• **PROBLEM DETAILS**
Pictures aside, copy exactly the lines running from the one with "and a concrete" to the end of the records.
......
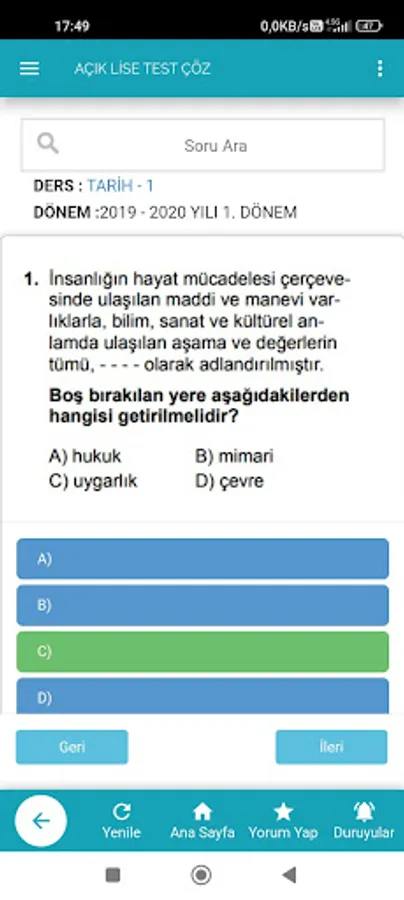 With the Open High School Test Solve application, you can solve the AOL and MAOL tests, our open education high school and vocational open education high school students can easily prepare for the exams.
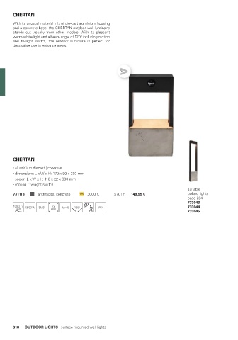 and a concrete base, the CHERTAN outdoor wall luminaire
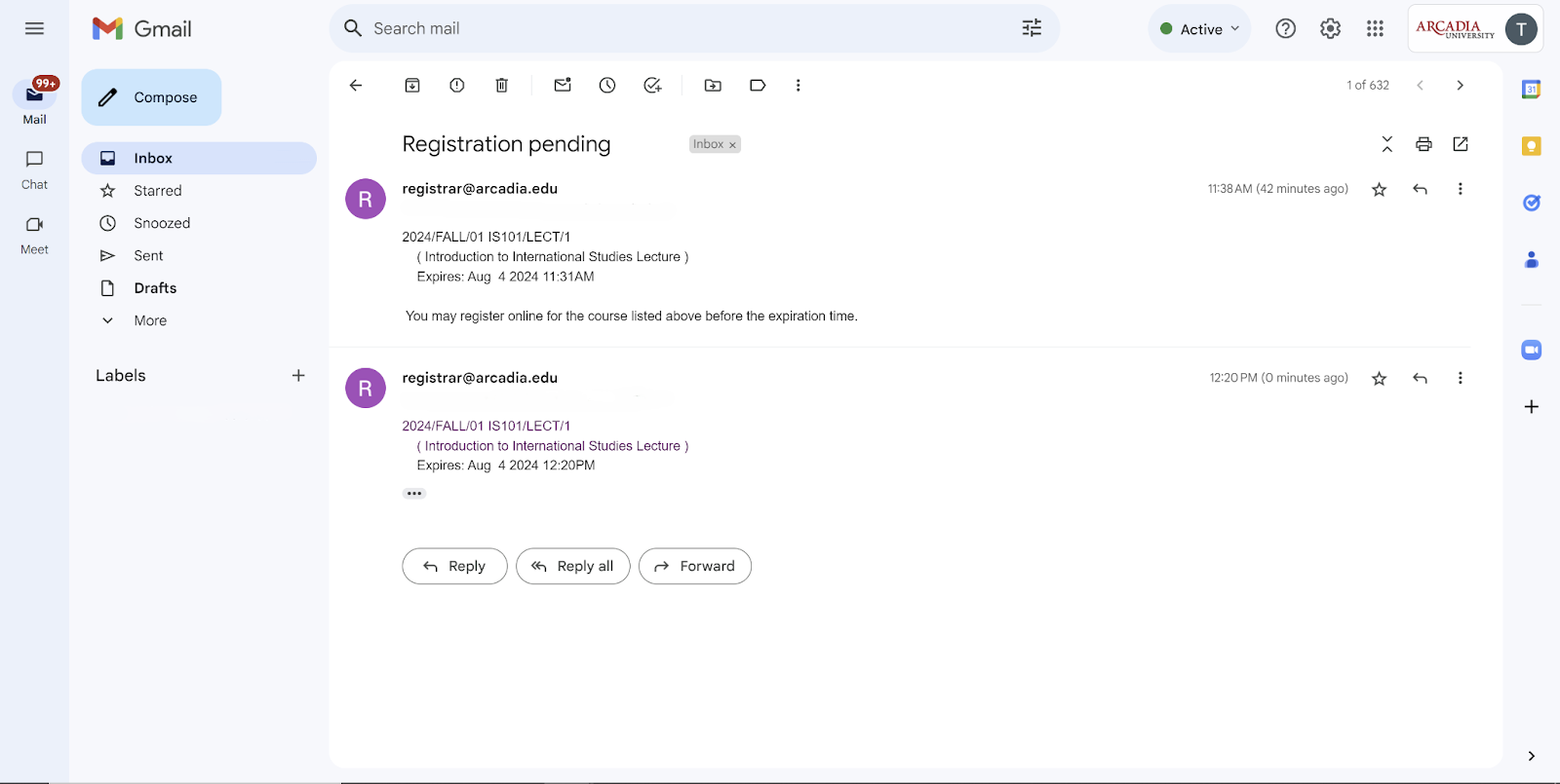 When a seat opens up an email alert is triggered. An email will be sent including the course details and time the seat expires. Students will have 96 hours (4 days) to register before the seat is offered to the next student.
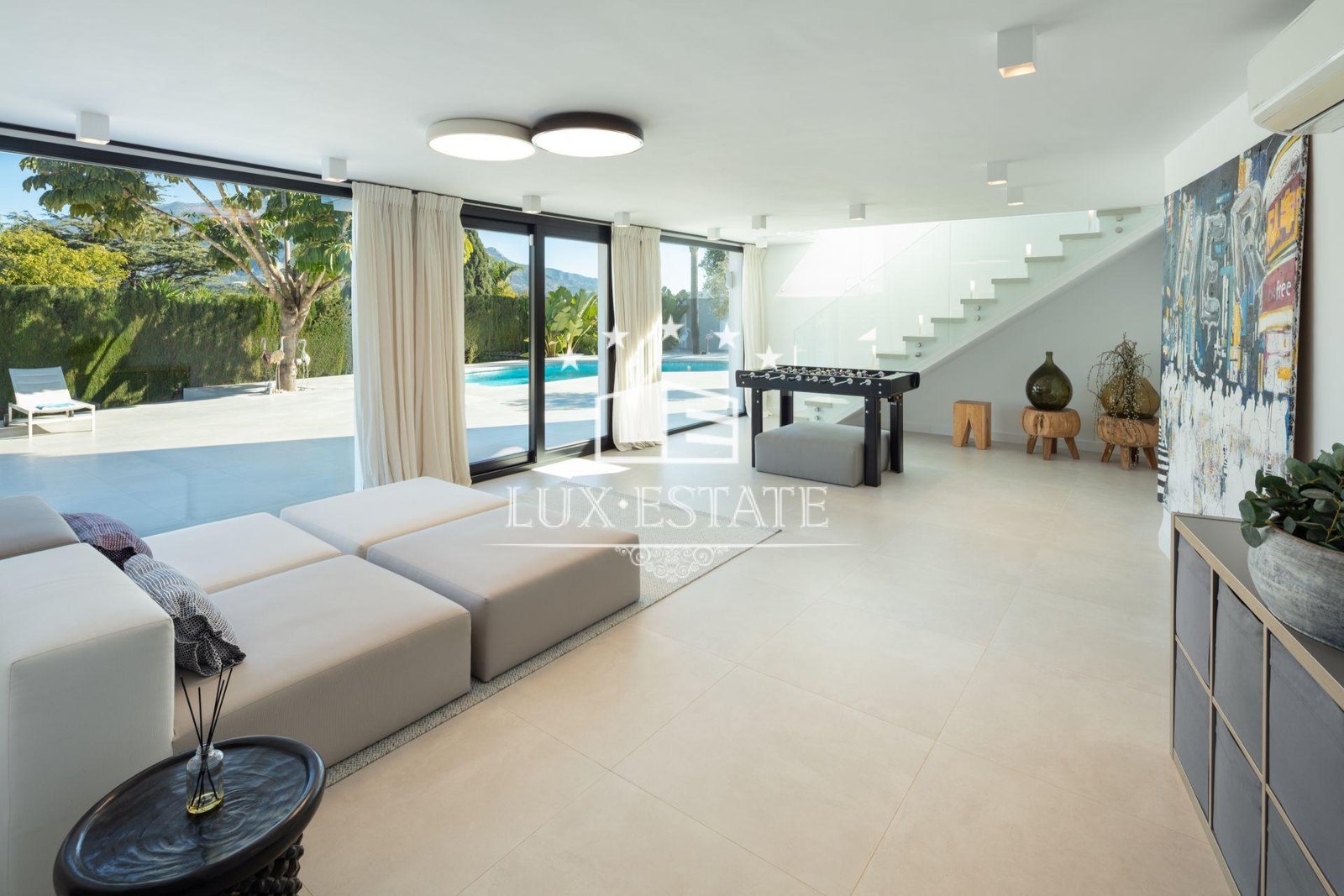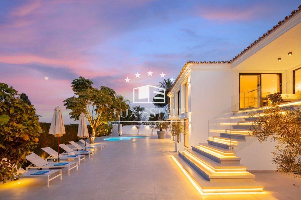 Villa Roma is a stunning fully renovated modern villa nestled in the heart of the Golf Valley, in Nueva Andalucía. This magnificent villa is conveniently located in Las Brisas, within short distance all amenities, restaurants, exclusive golf courses and the beach.
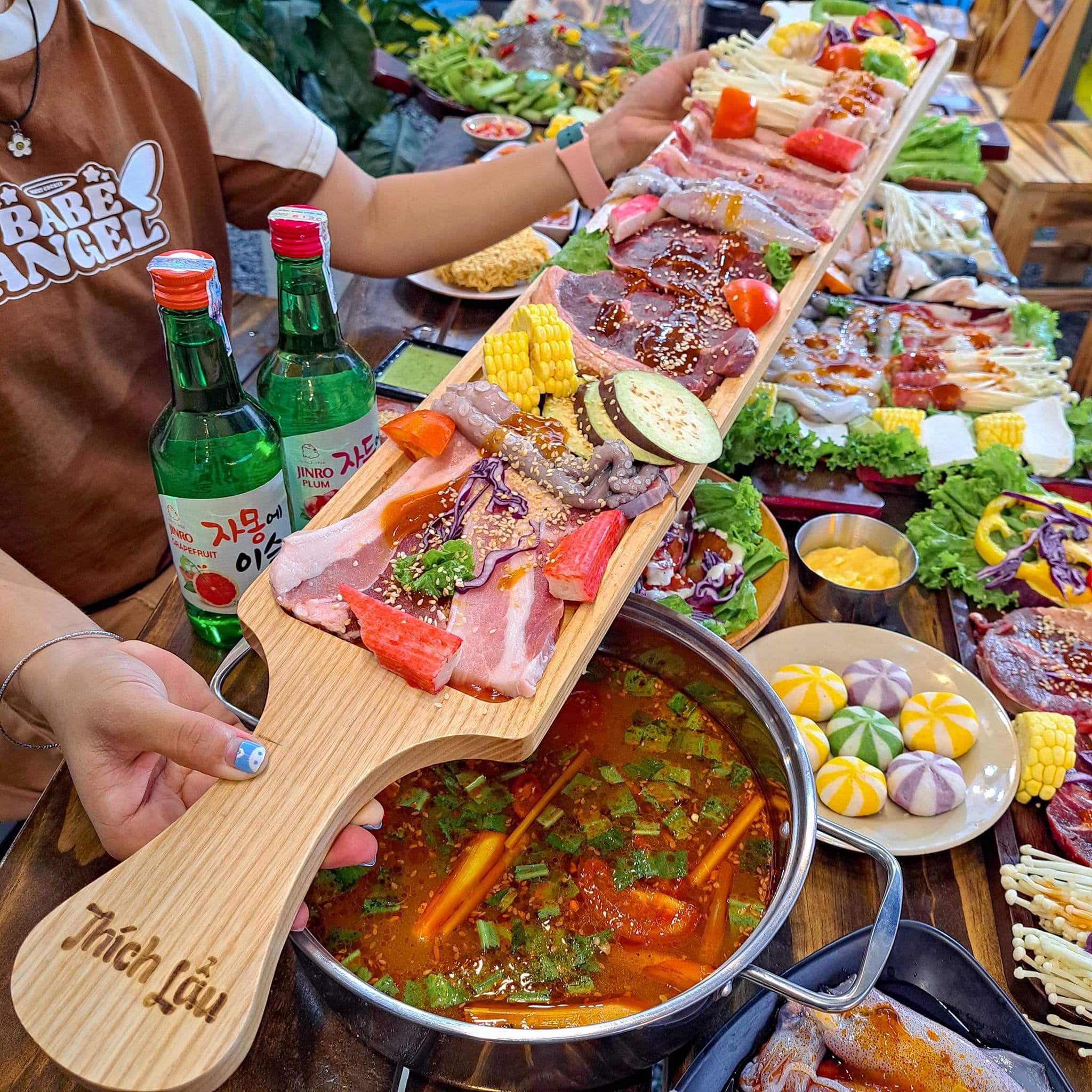 mình không thể bỏ qua, đó là Thích Lẩu. Quán này có không gian rộng rãi, menu đa dạng từ lẩu
......
• **TASK SOLUTION**
 and a concrete base, the CHERTAN outdoor wall luminaire
 When a seat opens up an email alert is triggered. An email will be sent including the course details and time the seat expires. Students will have 96 hours (4 days) to register before the seat is offered to the next student.
 Villa Roma is a stunning fully renovated modern villa nestled in the heart of the Golf Valley, in Nueva Andalucía. This magnificent villa is conveniently located in Las Brisas, within short distance all amenities, restaurants, exclusive golf courses and the beach.
 mình không thể bỏ qua, đó là Thích Lẩu. Quán này có không gian rộng rãi, menu đa dạng từ lẩu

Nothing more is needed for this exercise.